─── PROVIDED DATA
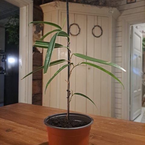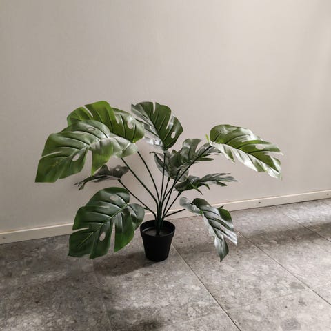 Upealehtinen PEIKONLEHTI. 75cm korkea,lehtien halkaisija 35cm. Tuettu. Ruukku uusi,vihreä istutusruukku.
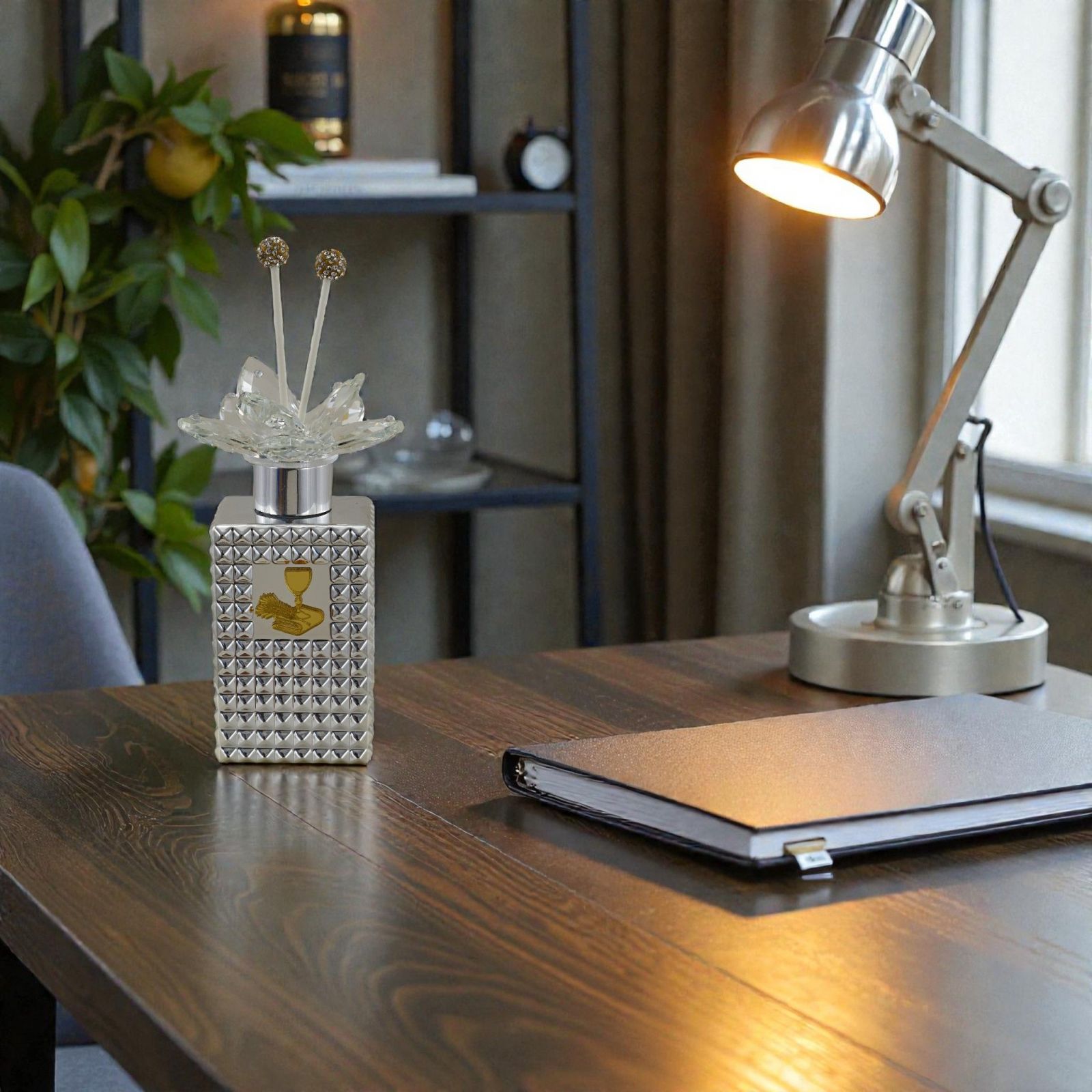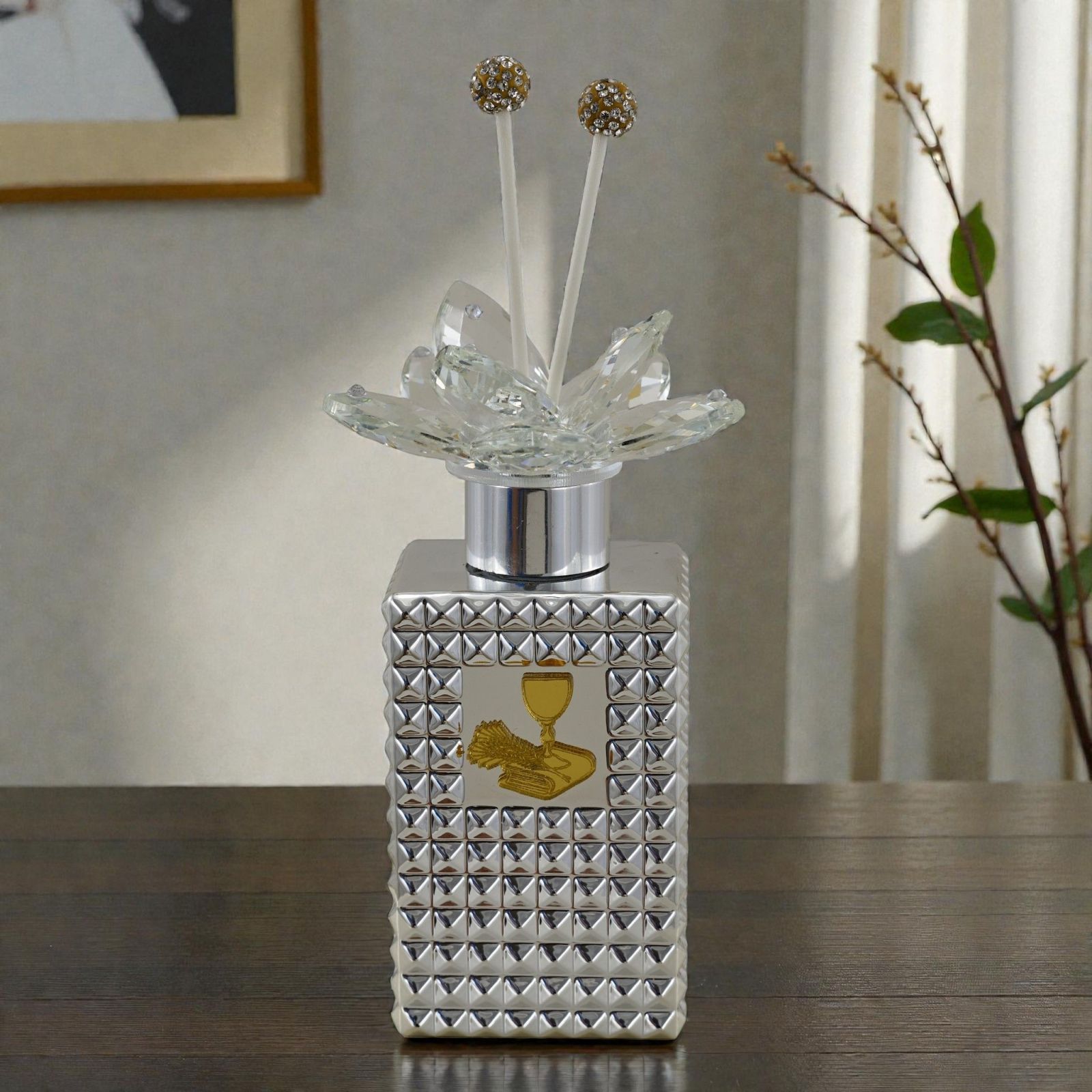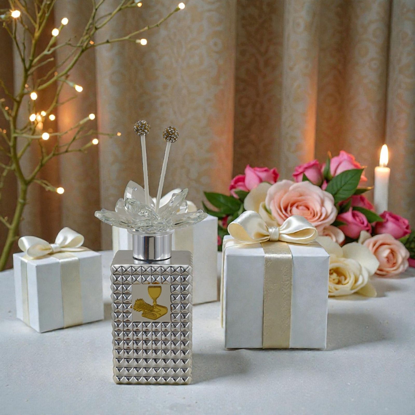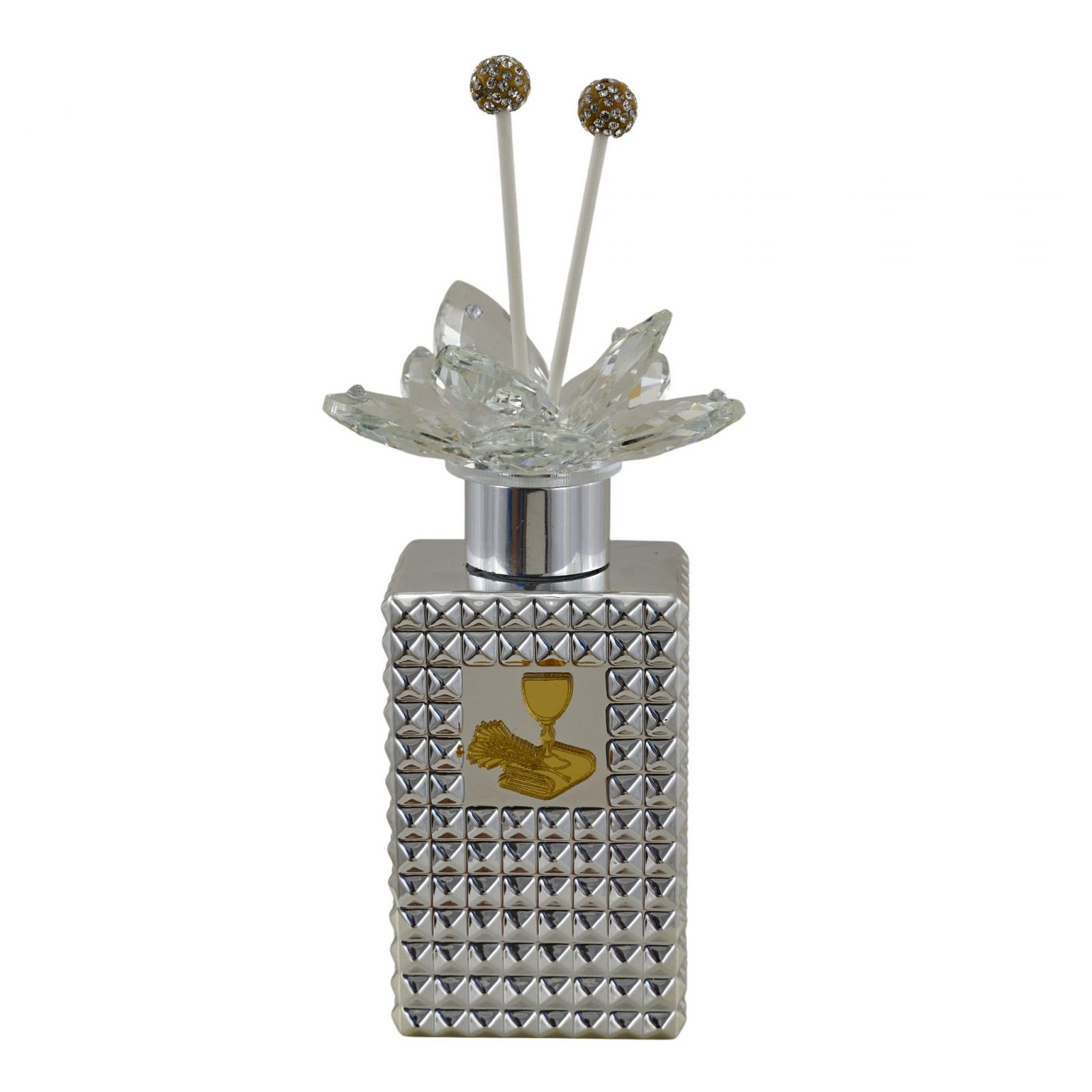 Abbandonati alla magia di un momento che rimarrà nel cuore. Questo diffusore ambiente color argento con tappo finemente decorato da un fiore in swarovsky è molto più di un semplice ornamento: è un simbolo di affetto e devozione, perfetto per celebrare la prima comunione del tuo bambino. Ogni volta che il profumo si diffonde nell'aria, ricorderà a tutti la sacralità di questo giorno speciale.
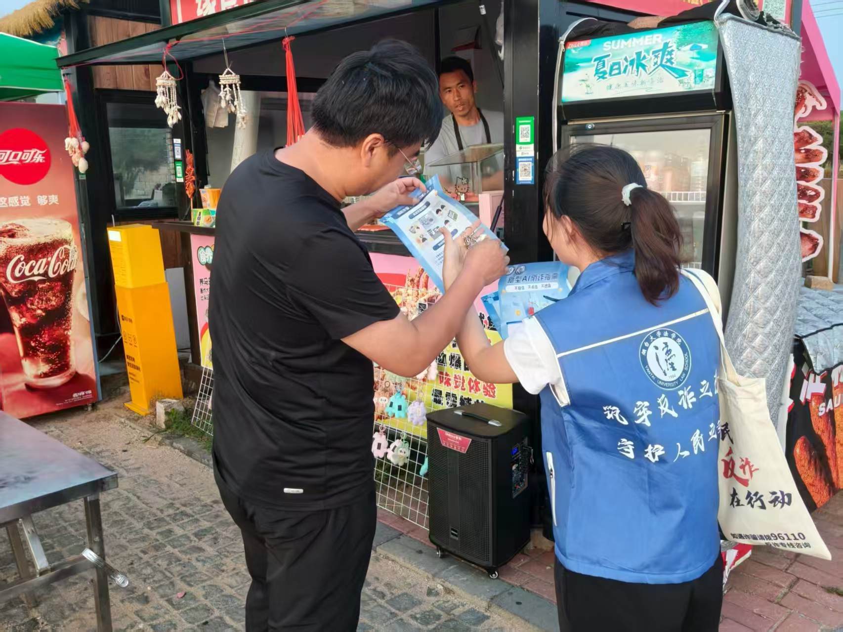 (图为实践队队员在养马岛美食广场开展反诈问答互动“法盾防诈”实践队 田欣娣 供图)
──────
# WHAT IS BEING ASKED
Retype the listing above exactly. Pictures are not part of the copy.

# SOLUTION TO THIS TASK
 Upealehtinen PEIKONLEHTI. 75cm korkea,lehtien halkaisija 35cm. Tuettu. Ruukku uusi,vihreä istutusruukku.
 Abbandonati alla magia di un momento che rimarrà nel cuore. Questo diffusore ambiente color argento con tappo finemente decorato da un fiore in swarovsky è molto più di un semplice ornamento: è un simbolo di affetto e devozione, perfetto per celebrare la prima comunione del tuo bambino. Ogni volta che il profumo si diffonde nell'aria, ricorderà a tutti la sacralità di questo giorno speciale.
 (图为实践队队员在养马岛美食广场开展反诈问答互动“法盾防诈”实践队 田欣娣 供图)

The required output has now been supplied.